The attached test failures were seen while running run-webkit-tests on the mac-wk2-ews.
Bot: ews105  Port: mac-mavericks-wk2  Platform: Mac OS X 10.9.5
Comment 23 Alex Christensen 2015-04-23 08:05:37 PDT
Sure enough, there are a bunch of release-only failures.  Don't have time to look into them right now.  Maybe tonight or tomorrow.
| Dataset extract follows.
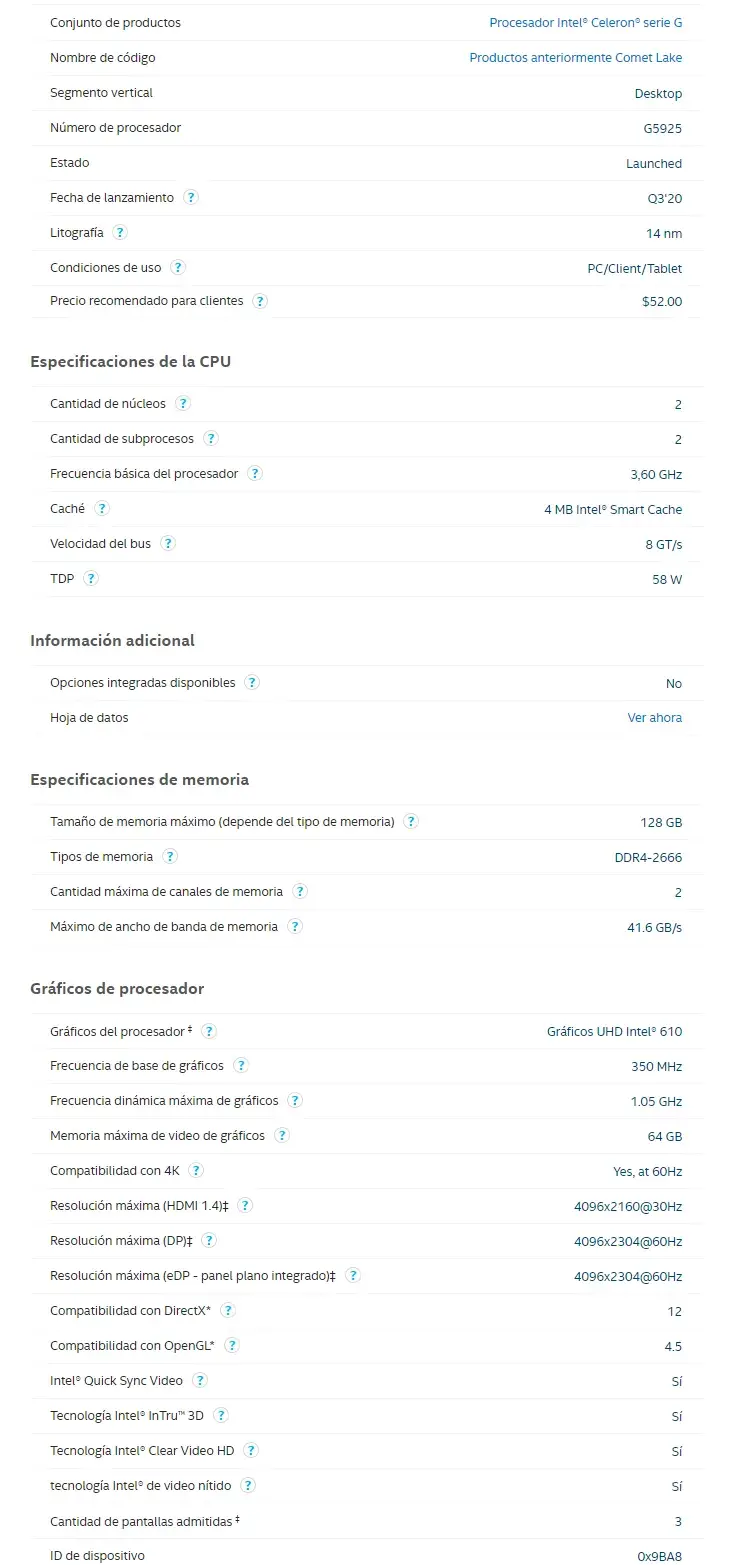 Procesador Intel Celeron G5925 Intel UHD Graphics 610, S-1200, 3.60GHz, Dual-Core, 4MB SmartCache (10ma Generación – Comet Lake) SKU: BX80701G5925.
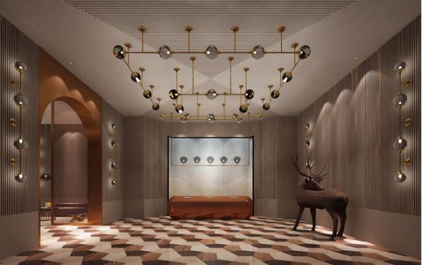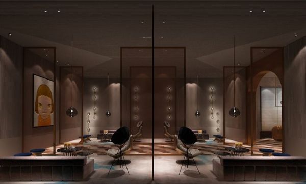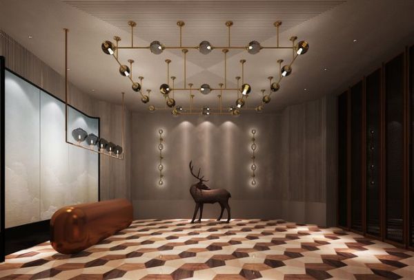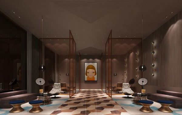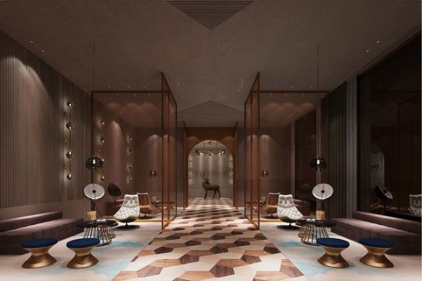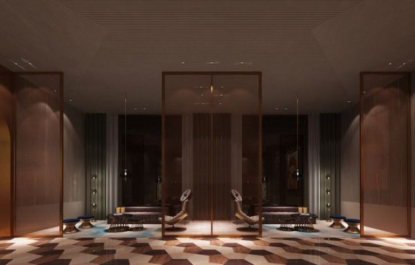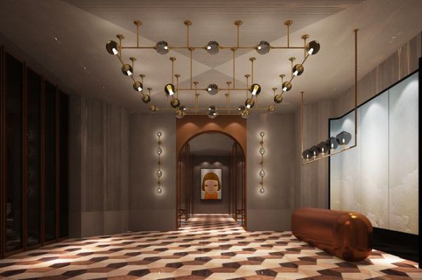 “蛾儿雪柳黄金缕,笑语盈盈暗香去。众里寻他千百度,蓦然回首,那人却在,灯火阑珊处”。本案为一酒店的大堂区域;以辛弃疾的诗词为由头,既表达了酒店身处闹市灯火辉煌的喧嚣气氛,错落有致的金属丝网与光影也体现了灯火阑珊处的影影绰绰。点线结合网格空间为主导,木头元素的天然淳朴和铜元素的时尚相碰撞,整体空间简洁高雅,地面的彩拼地板丰富了视觉感受,空间纯粹而空灵!木材搭配时尚的金属等元素,朴素中更显气质;铜质与木材的对比显现了酒店的“大隐隐于市”的气质;造型上细腻的线条给予感官上更加舒适,进一步衬托出空间的卓尔不凡!

Comment 24 Alex Christensen 2015-04-23 12:01:20 PDT
Created attachment 251461 [details]
Patch
Comment 25 Alex Christensen 2015-04-23 12:02:48 PDT
Inlining ActionKeyHash::equal seemed to be the problem.  Not sure why.  It should work fine now.
Comment 26 WebKit Commit Bot 2015-04-23 12:58:07 PDT
Comment on attachment 251461 [details]
Patch

Clearing flags on attachment: 251461

Committed r183204: <http://trac.webkit.org/changeset/183204>
Comment 27 WebKit Commit Bot 2015-04-23 12:58:13 PDT
All reviewed patches have been landed.  Closing bug.